We are segmented from all around and in every direction. The human being is a segmentary animal. Segmentarity is inherent to all the strata composing us. Dwelling, getting around, working, playing: life is spatially and socially segmented. The house is segmented according to its rooms' assigned purposes; streets, according to the order of the city; the factory, according to the nature of the work and operations performed in it.

We are segmented in a binary fashion, following the great major dualist oppositions: social classes, but also men-women, adults-children, and so on. We are segmented in a circular fashion, in ever larger circles, ever wider disks or coronas, like Joyce's "letter": my affairs, my neighborhood's affairs, my city's, my country's, the world's .. . 

We are segmented in a linear fashion, along a straight line or a number of straight lines, of which each segment represents an episode or "proceeding": as soon as we finish one proceeding we begin another, forever proceduring or procedured, in the family, in school, in the army, on the job. School tells us, "You're not at home anymore"; the army tells us, "You're not in school anymore" . .. Sometimes the various segments belong to different individuals or groups, and sometimes the same individual or group passes from one segment to another. But these figures of segmentarity, the binary, circular, and linear, are bound up with one another, even cross over into each other, changing according to the point of view. 

This is already evident among "savage" peoples: Lizot shows how the communal House is organized in circular fashion, going from interior to exterior in a series of coronas within which certain types of localizable activities take place (worship and ceremonies, followed by exchange of goods, followed by family life, followed by trash and excrement); at the same time "each of these coronas is itself trans-versally divided, each segment devolves upon a particular lineage and is subdivided among different kinship groups." 

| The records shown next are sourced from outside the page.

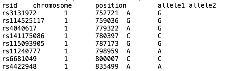 AncestryDNA uses a slightly different format but contains the same essential information. For AncestryDNA, the genotype is broken into two columns, referred to as allele 1 and allele 2
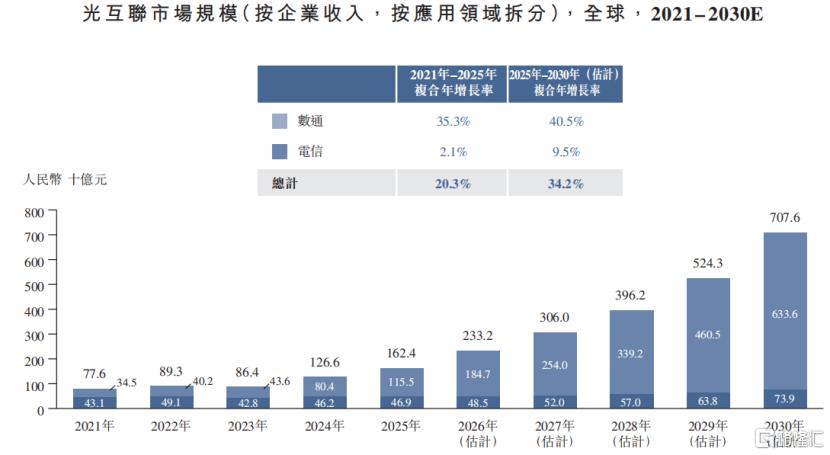 光互联市场规模(按企业收入,按应用领域拆分),来源:招股书
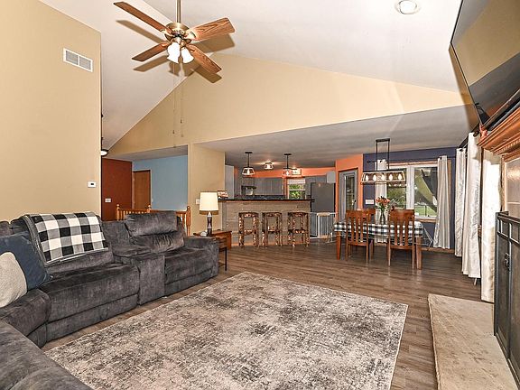 Finished look-out basementStylish lvp flooringRec roomSpa-like bathTile backsplashSoaring vaulted ceilingsCharming front porch
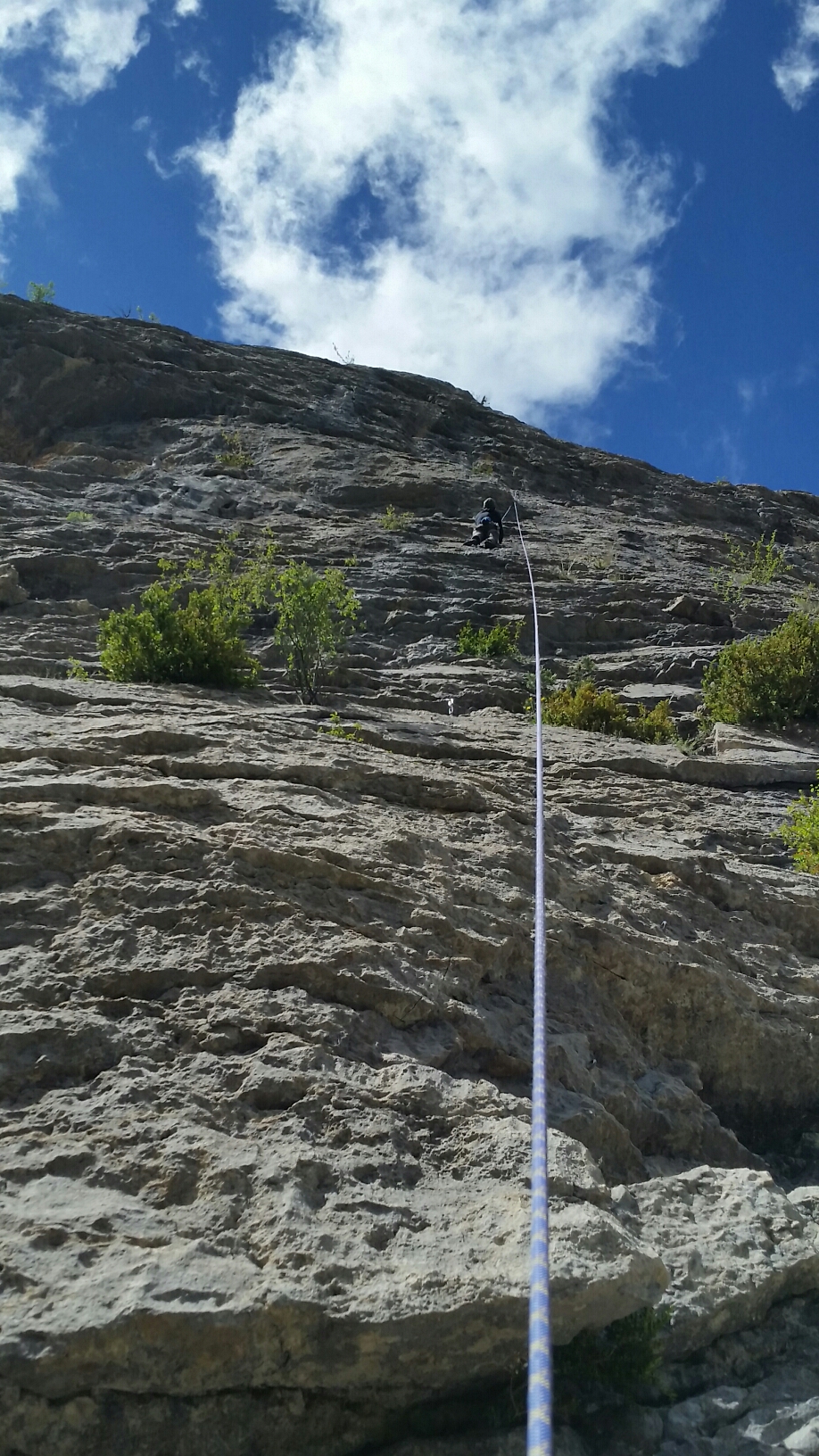 Shady from noon and with a great outlook, but a pity that the rock is a bit disposable and the grades are a bit sandbaggy. I struggled like an overweight Frenchman on….
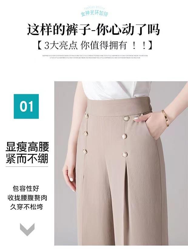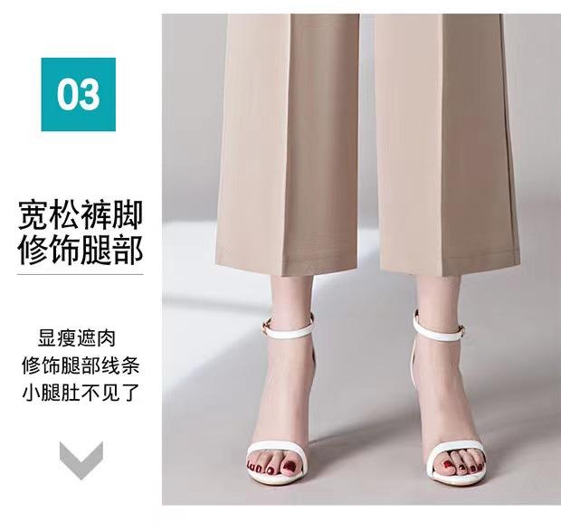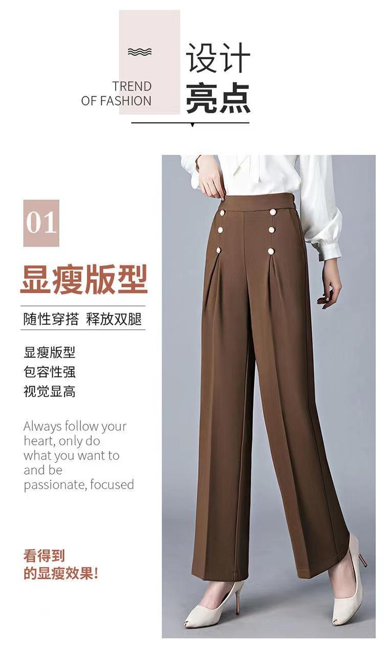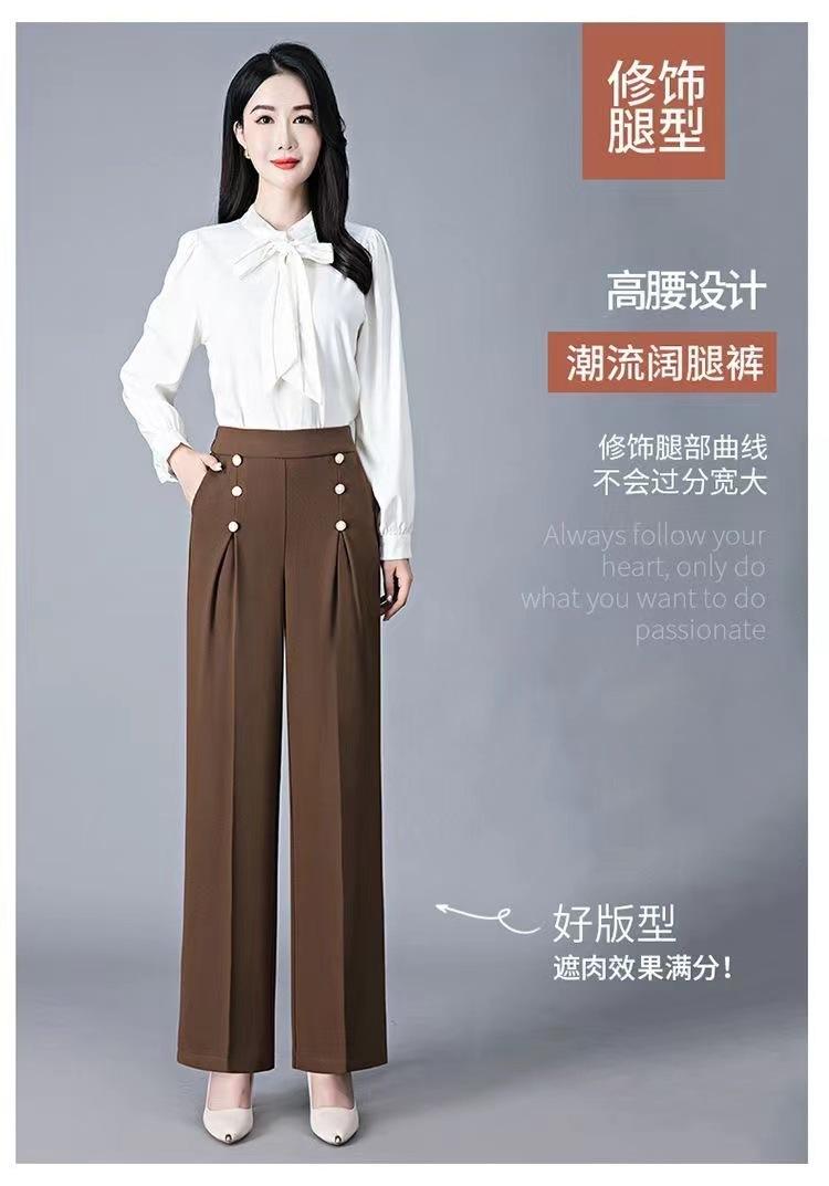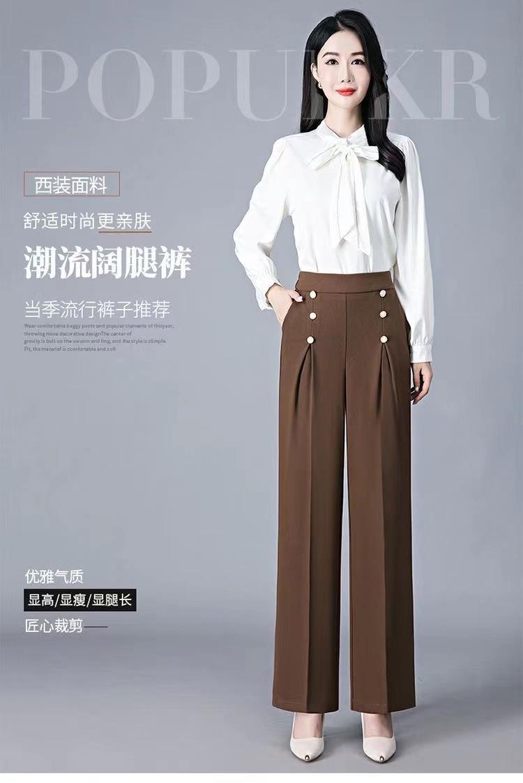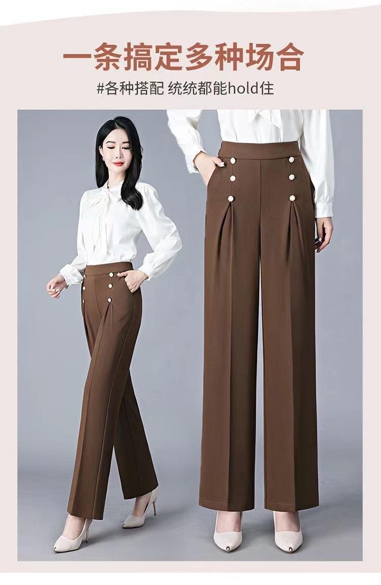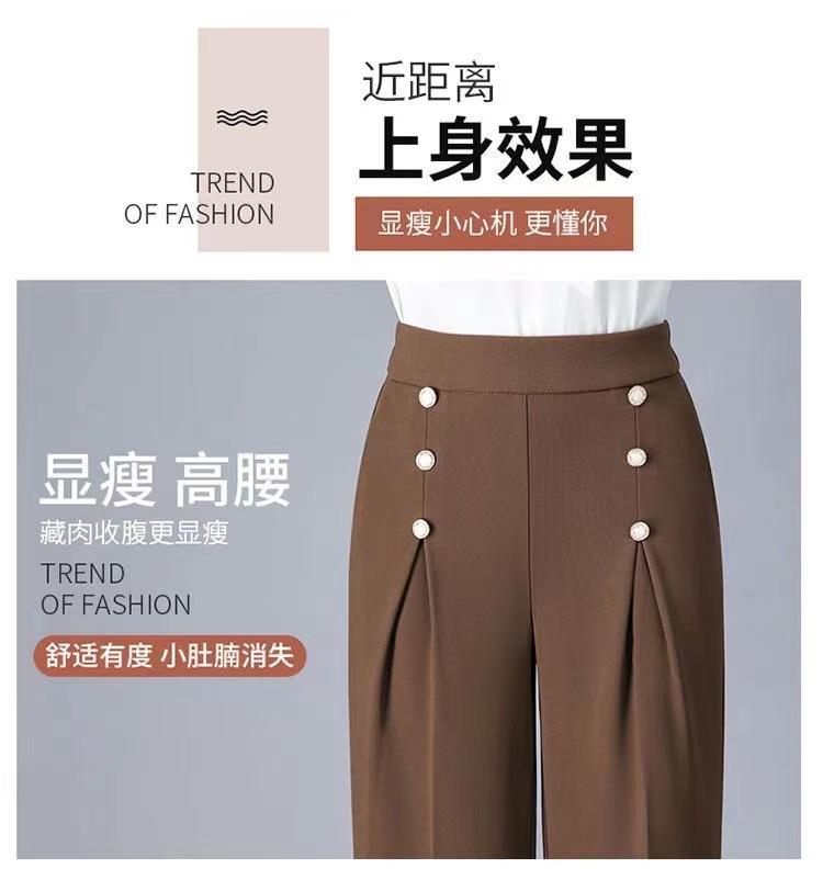 Pantalones Drapeados de Pierna Ancha para Mujer, Otoño Nuevo Pantalones de Mamá de Gama Alta, Pantalones Casuales de Cintura Alta Sueltos Rectos Recortados

In a more general context, Levi-Strauss shows that the dualist organization of primitive peoples has a circular form, and also takes a linear form encompassing "any number of groups" (at least three). Why return to the primitives, when it is a question of our own life? The fact is that the notion of segmentarity was constructed by ethnologists to account for so-called primitive societies, which have no fixed, central State apparatus and no global power mechanisms or specialized political institutions. 

In these societies, the social segments have a certain leeway, between the two extreme poles of fusion and scission, depending on the task and the situation; there is also considerable communicability between heterogeneous elements, so that one segment can fit with another in a number of different ways; and they have a local construction excluding the prior determination of a base domain (economic, political, juridical, artistic); they have extrinsic and situational properties, or relations irreducible to the intrinsic properties of a structure; activity is continuous, so segmentarity is not grasped as something separate from a segmentation-in-progress operating by outgrowths, detachments, and mergings. 

Primitive segmentarity is characterized by a polyvocal code based on lineages and their varying situations and relations, and an itinerant territoriality based on local, overlapping divisions. Codes and territories, clan lineages and tribal territorialities, form a fabric of relatively supple segmentarity.